New construction or furnishing materials, cleaning products, detergents, window cleaners… all these common products contain chemical substances which accumulate inside our homes and offices.
If separately the doses are, sometimes, acceptable or harmless, the accumulation of these chemical substances and especially the repeated exposure can induce serious consequences for health. We spend 90% of our time in closed places: home, office, shops, leisure….
The WHO estimates, in a report on Indoor pollution dating from 2012, that indoor environmental pollution was directly involved in 17% of deaths, all pathologies combined. Even if the exact links of cause and effect remain to be established, it is recommended to be concerned about the various sources of pollution of the internal environment and to prevent it.
Two health implications
To understand this emerging subject, the WHO gives this definition of Indoor pollution: “the presence of physical, chemical and biological contaminants in the air of confined environments, and which are not naturally present in large quantities in the environment. exterior”.
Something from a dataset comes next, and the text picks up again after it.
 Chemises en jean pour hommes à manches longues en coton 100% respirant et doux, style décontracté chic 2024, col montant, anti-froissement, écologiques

The scientific concern being very recent, the exact effects of indoor pollution on health are still poorly studied scientifically and complex. Multiple pollutants that can induce the same disease or different symptoms from one person to another. However, it is accepted that there are two major types of impact of this pollution on organisms.
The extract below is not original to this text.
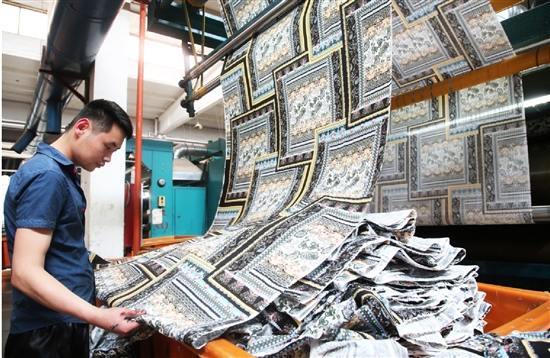 近日,浙江嘉華印染有限公司印染車間內(nèi),一匹匹成品人棉布不斷從后處理設備上下線。據(jù)了解,“嘉華印染”成立10多年來,已逐步從加工型企業(yè)向貿(mào)易型企業(yè)轉(zhuǎn)型,開拓更大市場。目前公司已形成產(chǎn)、供、銷一條龍體系,擁有17臺印花機,130多臺機缸,年產(chǎn)面料3億米。

One is manifested by strong allergic reactions immediately after contact with the pollutant, such as sneezing attacks, watery eyes, coughing, red patches on the skin. The other, more serious reaction manifests itself years after exposure, with the appearance of more serious pathologies such as asthma, atypical pneumonia or cancer of the respiratory tract.
Common pollutants at home
In general, the most frequently found substances are called volatile organic compounds (or VOCs) and include a multitude of substances: carbon and hydrogen, halogens, oxygen, sulphur, chlorine, etc.
VOCs are widely used in the manufacture of many products and materials (paint, varnish, glue, carpet, tiles, cleaners, cigarette smoke, new fabrics, etc.). Their common point is to evaporate more or less quickly at room temperature and thus end up in the air.
Some compounds, such as benzene or vinyl chloride monomer, are associated in the scientific literature with leukemia or cancer. To help you see things more clearly, here is a list of the main pollutants commonly found in homes.
The best known compound of this family is formaldehyde. It is present in many commonly used products: insulating foams, lacquers, glues, varnishes, inks, resins, paper, household products, pesticides, emissions from new books and magazines, etc. Most chipboard and plywood (furniture, building materials, glues) contain them. It is also used in some medicines, cosmetics and textiles.
Formaldehyde is an eye, nose and throat irritant. Its role in the onset of cancer has been proven in animals but has not yet been established in humans.
SOLVENTS (Ex. Tetrachlorethylene)
Very commonly used in industry, they are found almost everywhere: air freshener, home fragrance, cleaning product, moth repellent, air freshener, petroleum solvent glue formulations, fuels, tars, varnishes, lacquers, paints , varnishes, soaps, cosmetics, fungicides, herbicides, wood treatment, cigarette smoke, DIY products, furniture, construction and decoration, waxes, wood varnish, carpets, rugs.
Their toxicity has been known for years, although the effects of prolonged exposure to lower doses have only recently been known. In almost all patients, there are problems with concentration and memory, emotional problems or depression that can lead to suicidal thoughts. Neurologically, the signs are: headache, paresthesia (tingling), dizziness, uncertain gait. Their mutagenic and carcinogenic potential is proven.
A family of several dozen compounds, PCBs have been used on a large scale for their resistance to heat. Very chemically stable, the lifespan is 20 to 50 years, which means that even after the ban on their marketing, they are still found in the environment. Their combustion at 550-650° in the presence of oxygen releases dioxins (PCDD) and furans (PCDF)
Most often are observed: tearing, swelling of the eyelids, pigmentation of the skin, edema of the limbs, sleep disorders and fatigue. Neurological lesions manifest as sensory neuropathy with deafness and areflexia. Sensory nerve conduction velocity is always affected. Their involvement in the occurrence of cancer is attested.
FLAME RETARDANTS. Organophosphates.(Flame retardants)
Research and detection of these substances (TBEP, TBP, TCEP, TCPP, TEHP, TPP, TdCPP) have been developed recently. Tests have shown their presence in the umbilical cords of newborn babies and in the blood of European parliamentarians…. We find impressive concentrations of these substances in mattresses, pillows, foams and even cleaning products.
They present, because of their neurotoxicity and their persistence in the body, a significant danger especially for the youngest. These substances are also classified as very probably carcinogenic to humans.